Poiché le posizioni di legame più pronunciate sono identificate usando una profondità di sequenziamento più piccola, un esperimento di profondità data può saturare il rilevamento delle posizioni di legame che superano un certo rapporto di arricchimento del tag rispetto allo sfondo. Ci riferiamo a questo rapporto di arricchimento come il rapporto minimo di arricchimento saturo (MSER). I criteri di saturazione che definiscono la pendenza massima accettabile della curva di saturazione (Fig. 6a) può essere formulato come requisito per la stabilità dell’insieme dei siti di legame previsti. Ad esempio, richiediamo un accordo del 99% nel set di posizioni vincolanti quando il set di dati viene ridotto di 105 tag. Utilizzando i dati dei tag di input NRSF per determinare gli intervalli di confidenza per il rapporto di arricchimento di ciascuna posizione di legame, abbiamo scoperto che la profondità di sequenziamento raggiunta era sufficiente per saturare il rilevamento delle posizioni di legame con rapporti di arricchimento dei tag significativamente superiori a 7,5 (P-value < 0,05; Fig. 6a e supplementari Fig. 15 in linea). Delle 2.755 posizioni di legame NRSF rilevate con un FDR di 0.01, 1.879 (68%) avevano rapporti di arricchimento significativamente superiori al valore MSER di 7,5 (Fig. 13). Notiamo che un particolare valore MSER non implica che siano state scoperte tutte le vere posizioni di legame di tale arricchimento di piega; indica invece che nuove posizioni di legame con arricchimento significativamente superiori al valore MSER vengono rilevate a un ritmo sufficientemente lento. Un intervallo potenziale di rapporti di arricchimento reali può essere valutato dagli intervalli di confidenza dell’arricchimento calcolati per ciascuna posizione di legame (Fig. 16 in linea). Poiché la stima degli intervalli di confidenza del rapporto di arricchimento dipende anche dalla quantità di informazioni disponibili sulla distribuzione dei tag di sfondo, è necessario utilizzare set di dati di input di copertura genomica simile quando si confrontano diversi valori MSER.

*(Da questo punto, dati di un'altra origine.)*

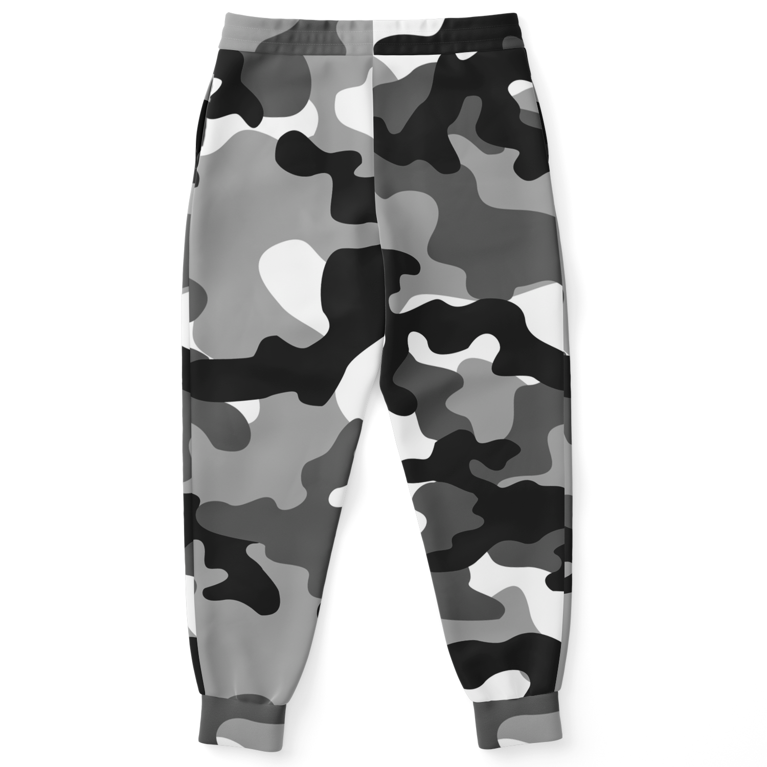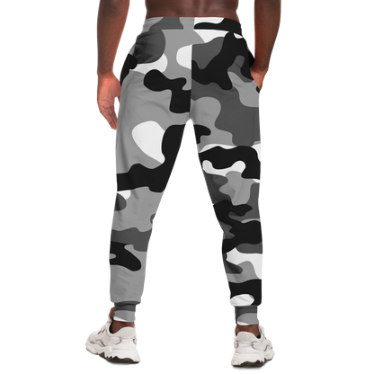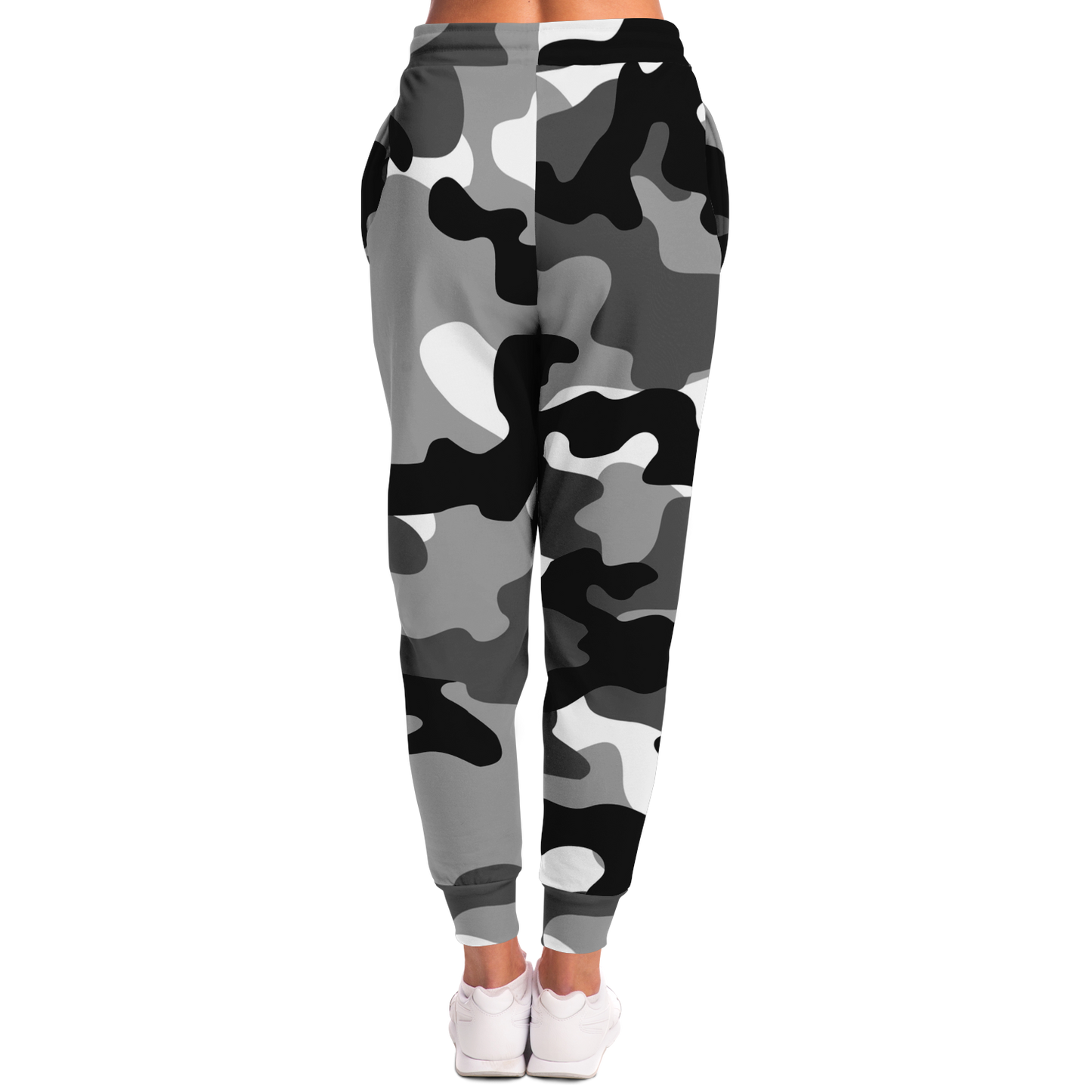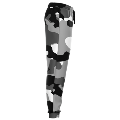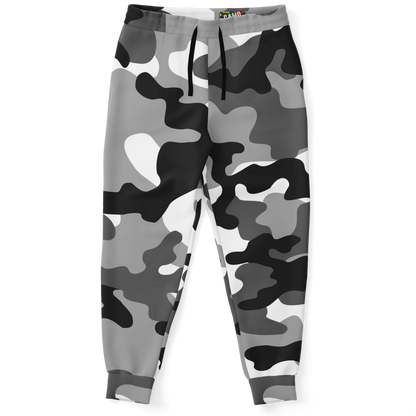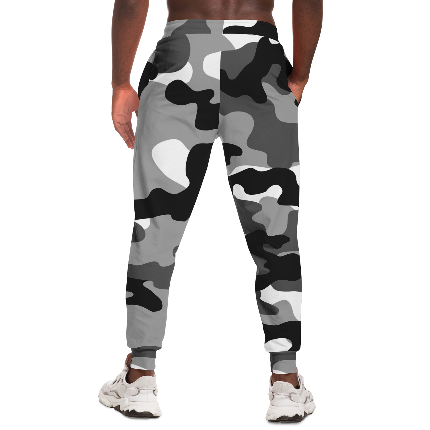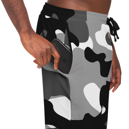 These Camo Joggers in Black, White & Gray are perfect for both men and women. With a versatile and stylish camo print, they can effortlessly be dressed up or down. Plus, the unisex design ensures a comfortable and flattering fit for all. Durable and fashionable, these joggers are a must-have for any wardrobe. Shop now!

Per scopi pratici, è importante essere in grado di prevedere il numero di tag necessari per saturare il rilevamento di picchi al di sopra di un dato rapporto di arricchimento target. La relazione tra il numero di tag e l’MSER si stabilisce in una dipendenza che può essere estrapolata utilizzando un modello log-log (Fig. 6 quater). Prevediamo, per esempio, che 1.2 × 106 ulteriori tag sarebbero necessari per raggiungere la saturazione nel rilevare le posizioni di legame NRSF con arricchimento sullo sfondo significativamente superiore a due volte (P-value < 0.05). I valori MSER e le estrapolazioni dipendono dai criteri di saturazione e dai metodi utilizzati per calcolare gli intervalli di confidenza dell’arricchimento (Fig. 17 in linea).
È anche probabile che l’aumento della profondità di sequenziamento porti ad una maggiore precisione delle posizioni di legame determinate. Utilizzando il set di dati NRSF, abbiamo analizzato come la distanza media tra le posizioni di rilegatura rilevate e i motivi di sequenza dipende dal numero di tag utilizzati per le previsioni. I nostri risultati mostrano che la precisione è effettivamente migliorata con il numero crescente di tag (Fig. 18 in linea). Il miglioramento, tuttavia, è stato minore: la precisione è diminuita solo di diverse coppie di basi anche quando il numero di tag è stato dimezzato.